- **WORK REQUEST**: Write out the data word for word and drop any picture you find.

- **RECORDED DATA**:
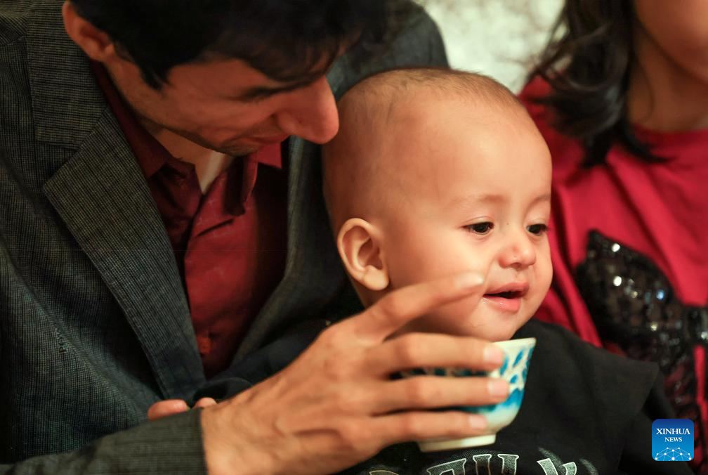 Metkasim Manglik feeds his son with herbal tea at home in Qira County, northwest China's Xinjiang Uygur Autonomous Region, Sept. 5, 2025. (Xinhua/Wang Fei)
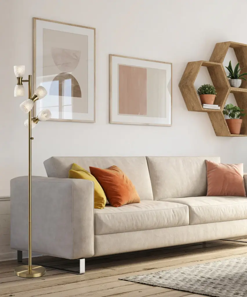 Brighten your space with the style and functionality of the Nina LED floor lamp. Crafted with an antique brass finish and featuring delicate glass texturing, this lamp complements Victorian or farmhouse décor. A 10" diameter round base supports a narrow matching stem. Extending from the stem at offset heights and directions are three dual textured milk glass shades, each with an hour-glass shaped accent piece in antique brass finish. The six included 3W replaceable LED bulbs throw a soft, warm white light and are compatible with full-range dimmers, allowing you to adjust the brightness as needed. For added versatility, the base of each lamp shade features an articulation point, allowing you to rotate and redirect the shades for a variety of looks and lighting options. Complete your décor with the coordinating Nina LED desk lamp and wall lamp.The 3.75" tall and 3.5"diameter glass light shades include delicate texturing for a Victorian feel.An articulation point allows you to rotate and redirect the light shades.The included LED light bulbs are compatible with full-range dimmers, allowing you to adjust the brightness to suit your needs.The included LED lights are rated with CRI of 80, color temperature of 3,000K, and brightness of 275 lumens for a soft, warm white glow.The Nina LED style is also available as a desk lamp and wall lamp.6 x 3W Replaceable & Dimmable G9 LED Bulbs Included
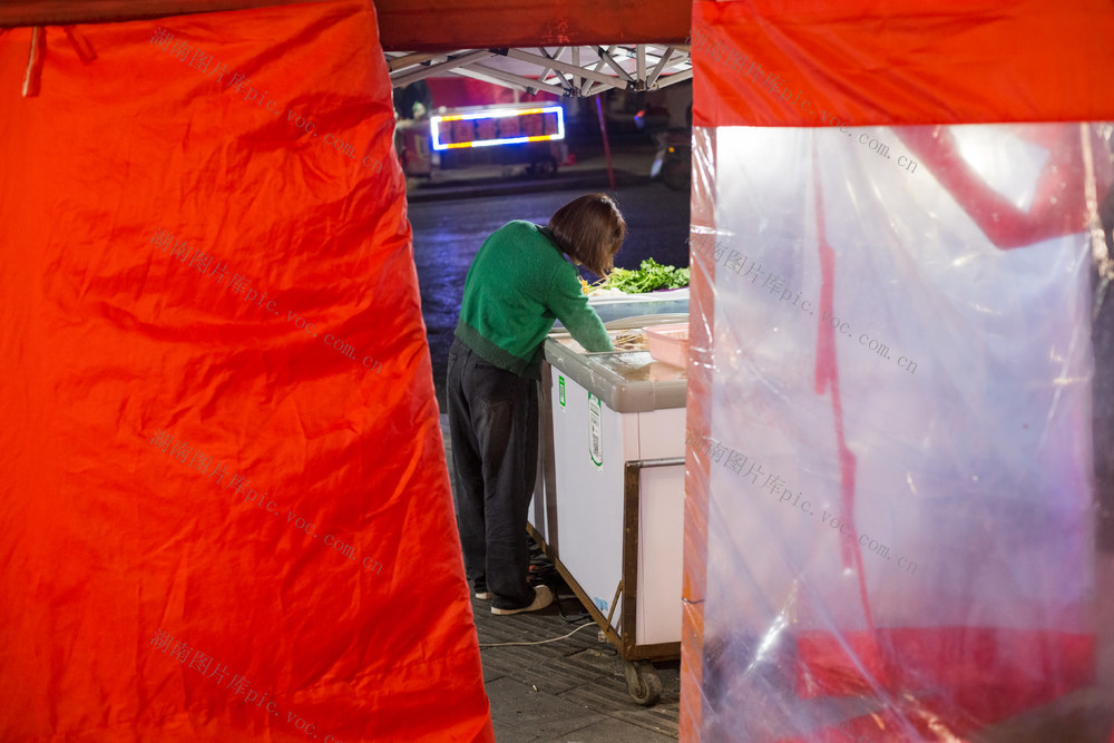 2023年4月16日,湘潭湘乡市,夜色中的摊档。 贺再亮 摄

- **RESULT FOR THIS TASK**:
 Metkasim Manglik feeds his son with herbal tea at home in Qira County, northwest China's Xinjiang Uygur Autonomous Region, Sept. 5, 2025. (Xinhua/Wang Fei)
 Brighten your space with the style and functionality of the Nina LED floor lamp. Crafted with an antique brass finish and featuring delicate glass texturing, this lamp complements Victorian or farmhouse décor. A 10" diameter round base supports a narrow matching stem. Extending from the stem at offset heights and directions are three dual textured milk glass shades, each with an hour-glass shaped accent piece in antique brass finish. The six included 3W replaceable LED bulbs throw a soft, warm white light and are compatible with full-range dimmers, allowing you to adjust the brightness as needed. For added versatility, the base of each lamp shade features an articulation point, allowing you to rotate and redirect the shades for a variety of looks and lighting options. Complete your décor with the coordinating Nina LED desk lamp and wall lamp.The 3.75" tall and 3.5"diameter glass light shades include delicate texturing for a Victorian feel.An articulation point allows you to rotate and redirect the light shades.The included LED light bulbs are compatible with full-range dimmers, allowing you to adjust the brightness to suit your needs.The included LED lights are rated with CRI of 80, color temperature of 3,000K, and brightness of 275 lumens for a soft, warm white glow.The Nina LED style is also available as a desk lamp and wall lamp.6 x 3W Replaceable & Dimmable G9 LED Bulbs Included
 2023年4月16日,湘潭湘乡市,夜色中的摊档。 贺再亮 摄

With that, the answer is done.